President Bola Tinubu has approved the redeployment of Fani-Kayode as ambassador-designate to South Africa, in what is shaping up to be one of the more colorful episodes in recent Nigerian diplomatic history.
The development comes on the heels of reports that Fani-Kayode’s initial posting to Germany had fallen through, though the two versions of why that happened could not be more different.
Multiple sources familiar with the matter have indicated that the German government declined to grant Fani-Kayode agrément, the formal diplomatic approval a receiving country must issue before an ambassador can take up their post. It is a quiet but devastating rebuff in the world of international diplomacy, one that rarely makes headlines in polite terms.
Fani-Kayode, however, is not a man known for quiet exits.
Taking to X, formerly Twitter, the outspoken politician offered a starkly different version of events, insisting that it was he who walked away from Germany, not the other way around.
“It gives me pleasure to announce the fact that Mr. President has graciously approved my posting as Nigeria’s Ambassador-Designate to South Africa,” he wrote, before launching into a detailed explanation of how the change came about.
According to Fani-Kayode, within just two days of his initial posting to Germany being announced, he had already placed a formal representation before the then-Minister of Foreign Affairs, Ambassador Yusuf Tuggar, expressing his discomfort with the European nation.
He cited personal reasons, noting that having spent much of his life in Europe, he had little appetite for a return to familiar terrain.
“I would prefer to go to South Africa,” he wrote, “which is a country that I have never been to and for which I have so much interest.”
Beyond the personal justifications, Fani-Kayode framed his preference for South Africa in sweeping ideological terms, describing it as a country that “shares some of my convictions, beliefs and values when it comes to world affairs”, a nation with the largest economy on the African continent, closer geographic and political ties to Nigeria, and one aligned with what he described as his “pan-African vision.”
It was, by his own telling, a principled choice rather than a consolation prize.
Whether that framing will hold under scrutiny is another matter entirely.

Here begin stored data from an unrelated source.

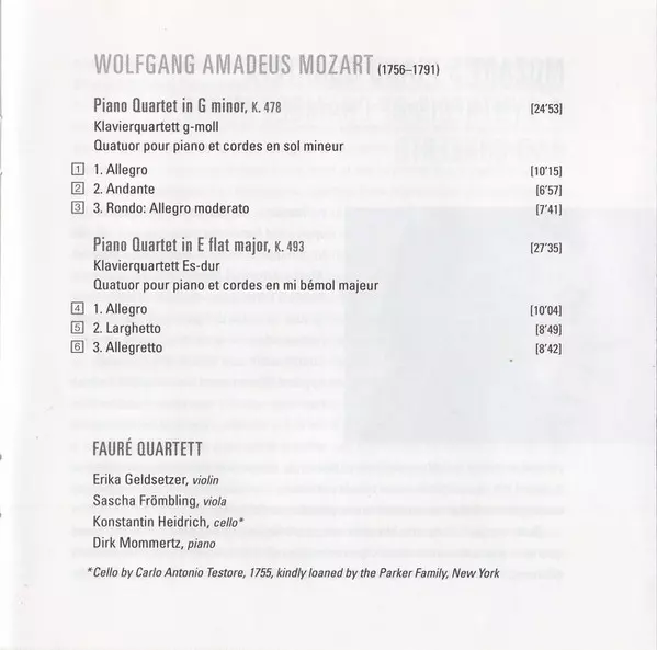 Piano Quartet In E Flat Major, K. 493 = Piano Quartet In G Minor, K. 478 = Klavierquartett Es-dur = Quatuor Pour Piano Et Cordes | 27:35 min |
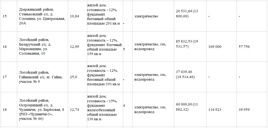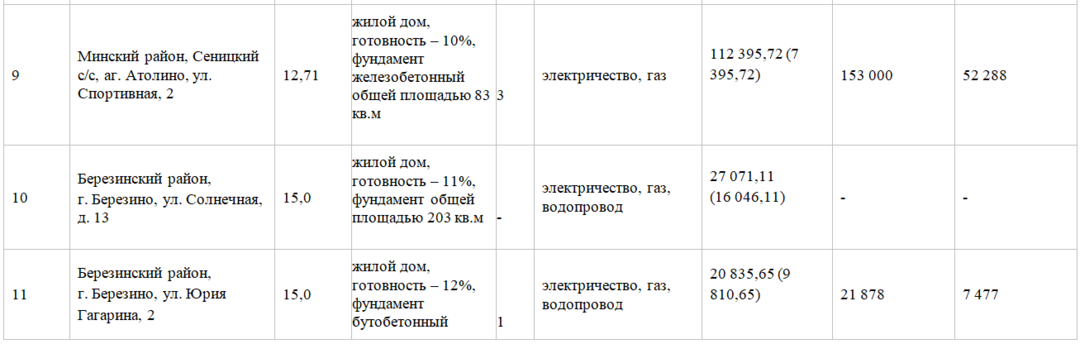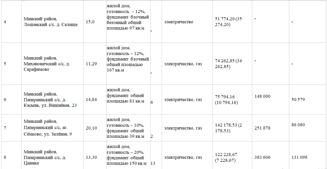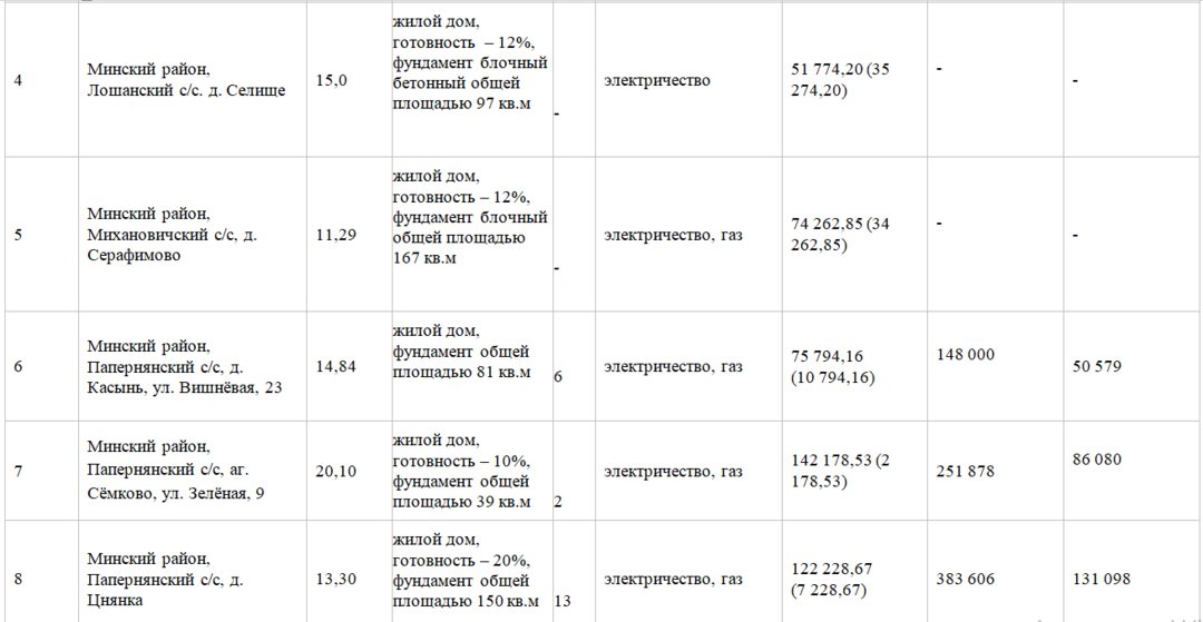 В Минском районе на аукцион было предложено 9 недостроев разной степени готовности. Торги прошли по 5 лотам.
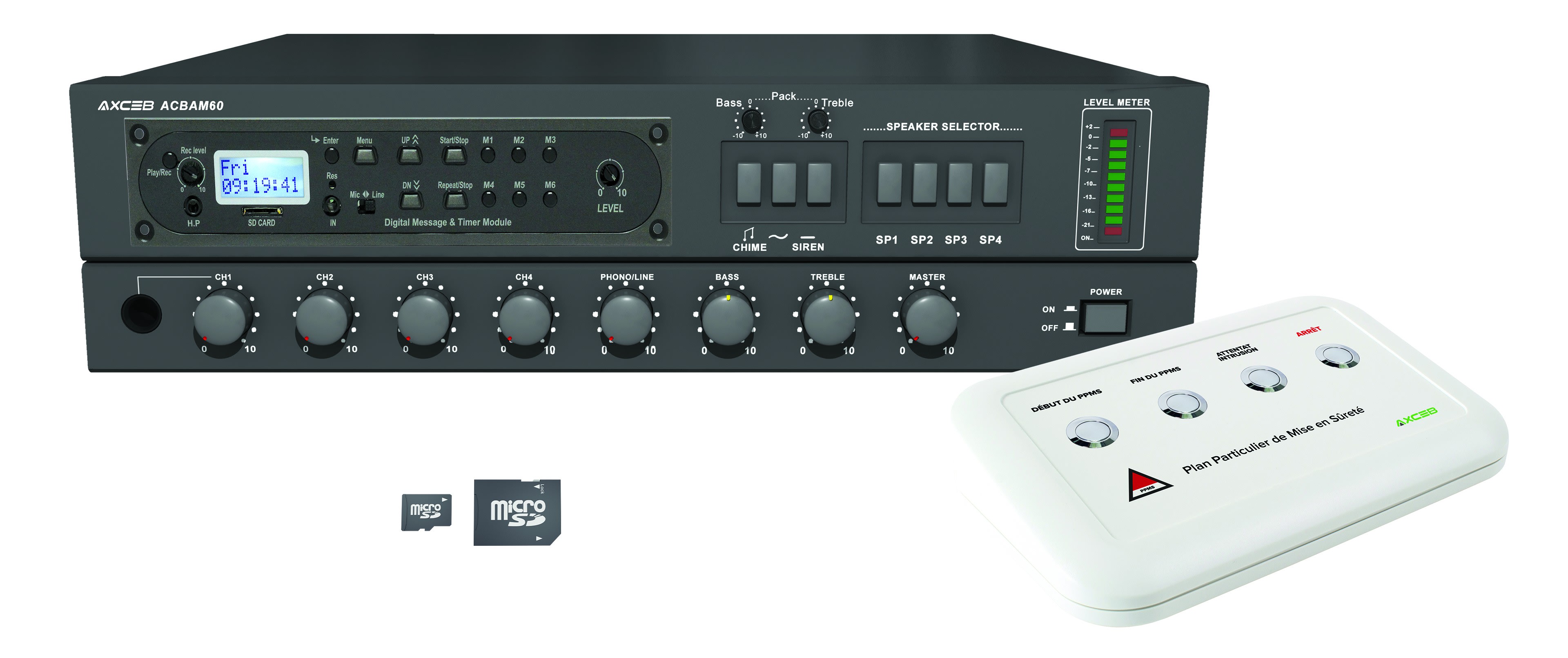 PPMS60W est une solution packagée prête à l'emploi comprenant un amplificateur 4 zones de puissance 60 W / 100 V, un lecteur de message numérique intégré à l'amplificateur, un boîtier mural 4 boutons sérigraphié permettant le déclenchement manuel des alertes PPMS et une carte SD comprenant les 4 messages d'alertes. L'amplificateur est rackable au format 19’’ – 3 U avec les équerres ACBRACK60 optionnelles.
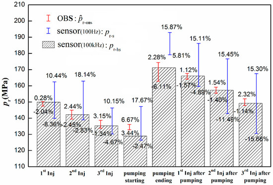 To explain the above observations, Figure 5 shows three measured rail pressures and the comparison of error ranges in each three-injection process before and after pumping. Here, the histogram is the measured under high sampling frequency, which is adopted as a reference of rail pressure. The initial is equal to 150 MPa at the beginning of the first injection and decreases to around 144 MPa when the second injection begins, finally degenerating to less than 138 MPa before the third injection because of the fuel mass decreasing in the rail pipe. Due to the over-attenuation of the rail pressure, the fuel pump starts to work to maintain the rail pressure, followed by another three injections in the next pumping–injection cycle. The rail pressure after pumping is slightly higher than the initial pressure (i.e., 150 MPa) because of the fuel metering valve closing delay in the fuel pump. As expected, shows significantly narrow error bars, indicating that the OBS method results in less pressure oscillation. It is interesting to observe that is always higher than at pumping start times; however, is always higher than p at pumping end times, indicating that the OBS method shows better response characteristics. This can be understood by recognizing that the OBS method which employs the mathematical model and gain matrix (shown in Figure 2) shows a substantial compensation effect on the valve delay, hence earlier pressure rises.

Diplomatic circles in Abuja have been notably tight-lipped on the specifics of the German situation, and the Ministry of Foreign Affairs has yet to issue any public statement clarifying the sequence of events, a silence that, in diplomatic language, speaks volumes.
Femi Fani-Kayode is no stranger to controversy. A former federal minister and vocal government critic turned ardent Tinubu ally, he has long been one of the most polarizing figures in Nigerian politics.

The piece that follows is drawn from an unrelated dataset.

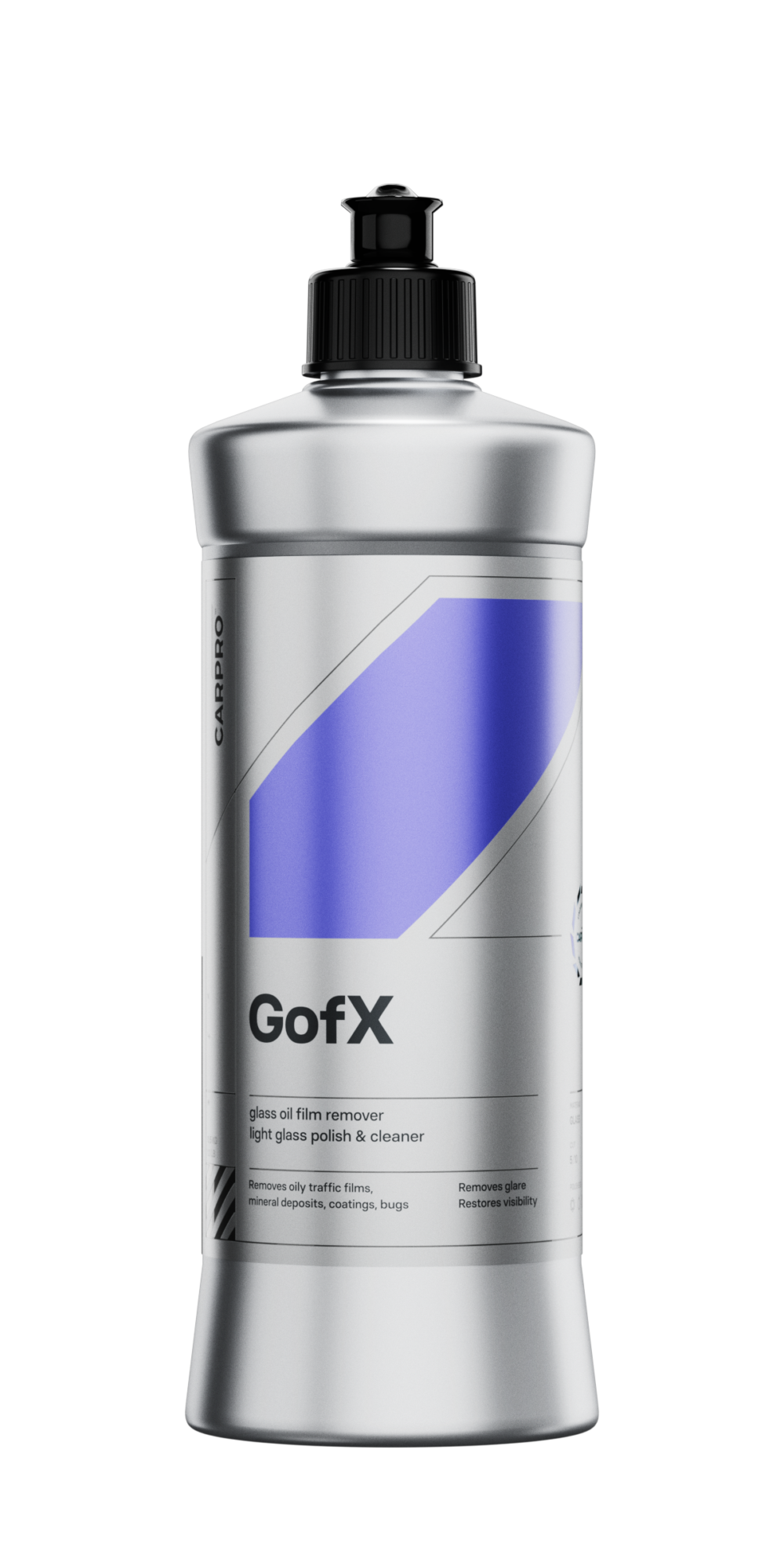 Il s’agit d’un produit de préparation spécialement dédié aux surfaces vitrées extérieures. GOFX permet de retirer de facon efficace: le film routier, les huiles, les dépôts minéraux légés, les coatings et les traces d’insecte persistantes. Indispensable à la préparation post céramique ou d’une protection hydrophobe longue durée. A utiliser à la main ou à la machine.

His appointment as an ambassador-designate had already raised eyebrows in some quarters, given his combustible public profile and history of incendiary statements, qualities rarely associated with the careful, measured world of professional diplomacy.
His selection for South Africa, a country that plays an outsized role in continental geopolitics and maintains one of the most complex bilateral relationships with Nigeria, will now face scrutiny of its own. Relations between Abuja and Pretoria have historically been turbulent, shaped by periodic xenophobic violence against Nigerians in South Africa and recurring trade and migration tensions.

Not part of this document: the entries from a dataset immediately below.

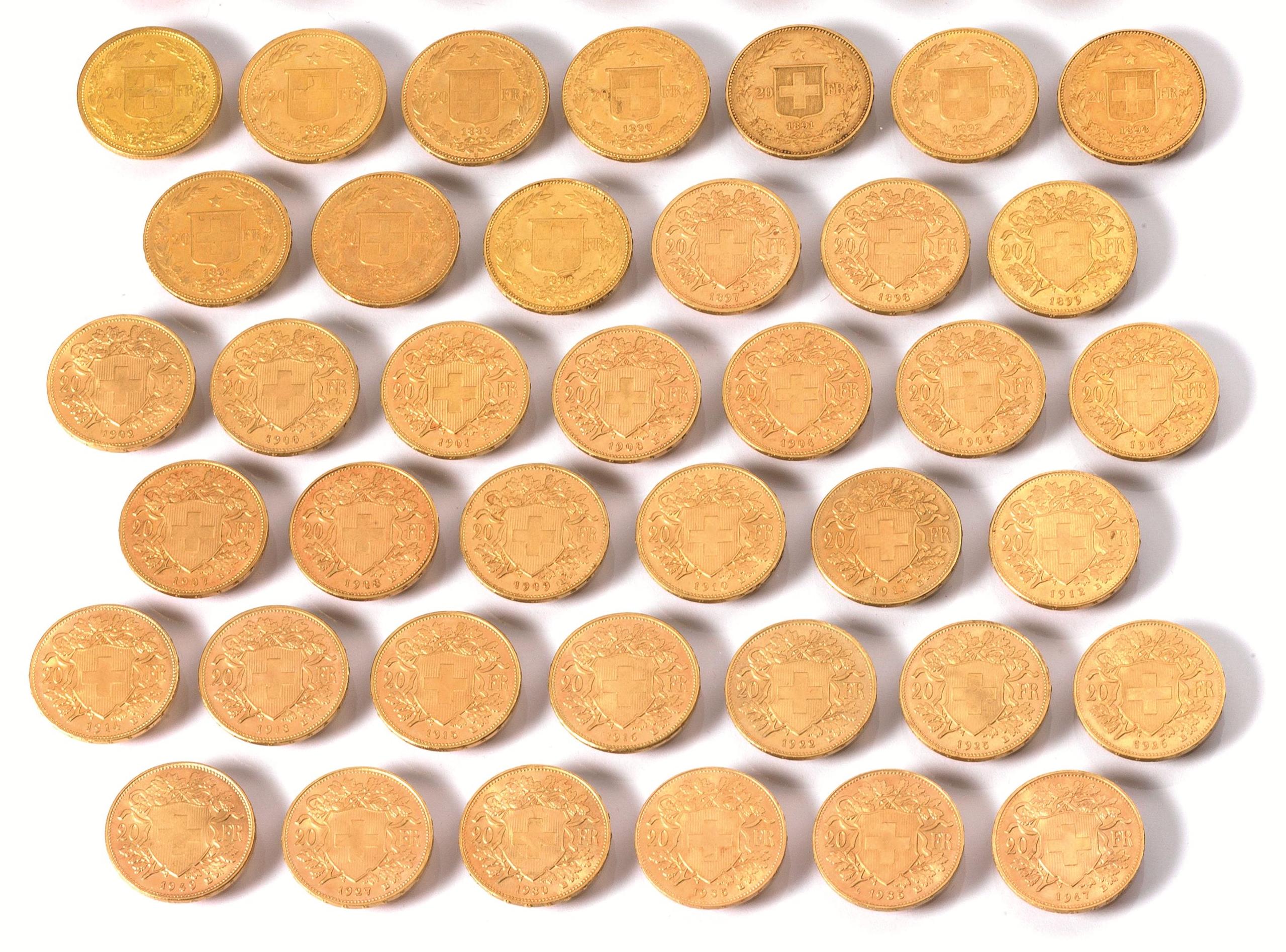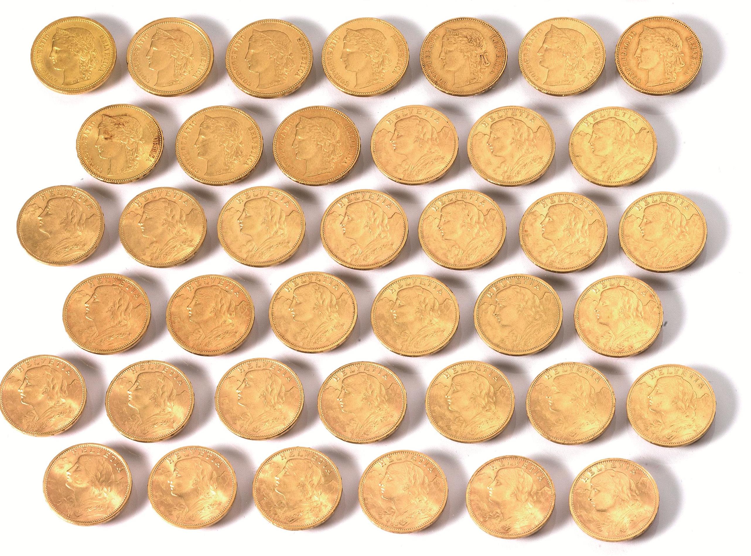 Lotto di trentanove monete da 20 franchi (39):
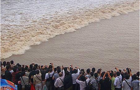在古代,浙江一带除中秋赏月外,观潮可谓是又一中秋盛事。中秋观潮的风俗由来已久,早在汉代枚乘的《七发》赋中就有了相当详尽的记述。汉以后,中秋观潮之风更盛。明朱廷焕《增补武林旧事》和宋吴自牧《梦粱录》也有观潮记载。
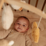 De subtiele, natuurlijke kleuren en lieve figuurtjes trekken de aandacht van je baby en stimuleren op een zachte manier de zintuigen. Dankzij het tijdloze ontwerp past deze mobile perfect in elke babykamer.
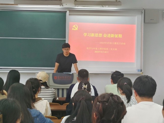 活动中,20(3)班员工党员潘萍带领大家学习《习近平总书记致信全国优秀教师代表的只要回信精神》,在第三十九个教师节到来之际,中共中央总书记,国家主席,中央军委主席习近平致信出席全国优秀教师代表座谈会的老师,代表党中央,向他们和广大教师及教育工作者致以节日的问候和诚挚的祝福,嘱托以教育家为榜样大力弘扬教育精神,为强国建设民族复兴伟业培养更多栋梁之才。
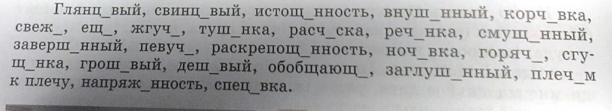 Глянцевый, свинцовый, истощенность, внушенный, корчевка, свежо, ещё, жгуче, тушёнка, расчёска, речонка, смущенный, завершённый, певуче, раскрепощенность, ночевка, горячо, сгущёнка, грошовый, дешёвый, обобщающе, заглушенный, плечом к плечу, напряженность, спецовка.

Whether Fani-Kayode’s self-described pan-African credentials will serve as an asset or a liability in that high-stakes environment remains to be seen.
For now, the appointment awaits the final diplomatic formality, South Africa’s own grant of agrément. Until Pretoria officially accepts his credentials, Fani-Kayode remains an ambassador-designate in title only.
Given the circumstances surrounding his German posting, that approval will be watched closely.
One thing, at least, appears certain: if there is a story to be told along the way, Femi Fani-Kayode will be the first to tell it on his own terms.
WHAT YOU SHOULD KNOW
Femi Fani-Kayode’s ambassadorial journey tells two very different stories depending on who you ask. While official sources suggest Germany rejected his appointment, Fani-Kayode insists he made the choice himself and has gone to great lengths to say so publicly.
His new posting to South Africa, a nation with a historically strained relationship with Nigeria, will be his opportunity to prove that his appointment was about capability all along. The real verdict, however, will not come from X; it will come from Pretoria.